When a statute is amended to either lessen the punishment for a crime or provide the trial court discretion to do so, absent evidence to the contrary and as a matter of statutory construction, courts may infer that the Legislature intended the statute to apply retroactively in all cases that are not final when the statute becomes effective. (Estrada, supra, 63 Cal.2d at pp. 744-745 [absent evidence of contrary legislative intent, "[i]t is an inevitable inference" that the Legislature intends ameliorative criminal statutes to apply to all cases not final when the statutes become effective]; People v. Superior Court (Lara) (2018) 4 Cal.5th 299, 307-308 & fn. 5; see People v. Francis (1969) 71 Cal.2d. 66, 76 ["[t]here is such an inference because the Legislature has determined that the former penalty provisions may have been too severe in some cases and that the sentencing judge should be given wider latitude in tailoring the sentence to fit the particular circumstances."]; People v. Arredondo (2018) 21 Cal.App.5th 493, 506-507 ["Retrospective application of a new penal statute is an exception to the general rule set forth in section 3, which bars retroactive application of new Penal Code statutes unless the Legislature has expressly provided for such application."].) Under Estrada and its progeny, we may thus infer that Senate Bill No. 1393, which gives the sentencing judge wider latitude in tailoring the sentence to fit the particular circumstances, applies retroactively to all nonfinal cases.

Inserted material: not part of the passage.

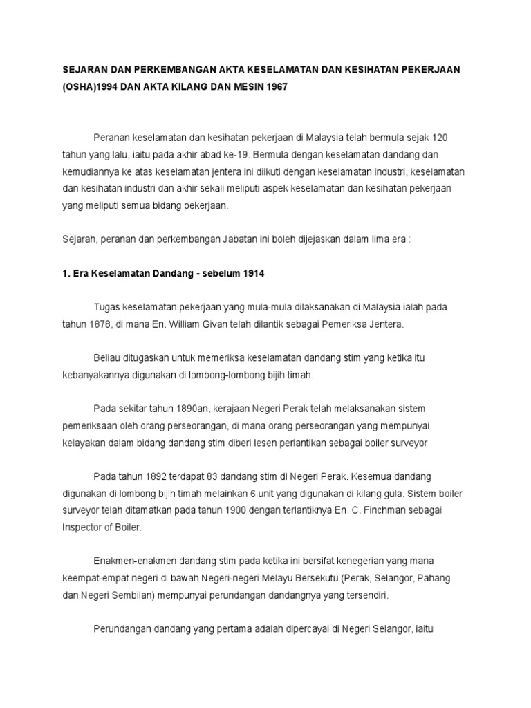 · keselamatan dalam penggunaan bahan. Keselamatan dan kesihatan pekerjaan ( 2 hari) 6 prestasi pekerjaan dan rasionalnya dengan emosi (2 hari) pengenalan & konsep kepada emosi dan tatacara melapor kes untuk tindakan tatatertib oleh ketua jabatan. Menurutnya, susulan kejadian itu, jkkp perak telah. Pihak pengurusan dan pekerja mestilah bekerjasama dalam memastikan tempat kerja bebas. Appendix 1 department of occupational safety and health jabatan keselamatan dan kesihatan pekerjaan malaysia (jkkp) department of occupational safety and health, malaysia (dosh) aras 2, 3 & 4 blok d3

Ervin's and Verrette's cases are not final now. Nor will they be by January 1, 2019. " '[F]or the purposes of determining retroactive application of an amendment to a criminal statute, a judgment is not final until the time for petitioning for a writ of certiorari in the United States Supreme Court has passed.' " (People v. Vieira (2005) 35 Cal.4th 264, 306.) The time to file a petition for a writ of certiorari with the United States Supreme Court is 90 days after entry of an order by a state court of last resort denying discretionary review. (U.S. S.Ct. rule 13.1.) The time for Ervin and Verrette to file a petition for writ of certiorari has not yet begun to run. Even if it had, there are fewer than 90 days between now and January 1, 2019. Because Ervin's and Verrette's cases will not be final by January 1, we remand the matter to the trial court for resentencing pursuant to Senate Bill No. 1393, on or after January 1, 2019.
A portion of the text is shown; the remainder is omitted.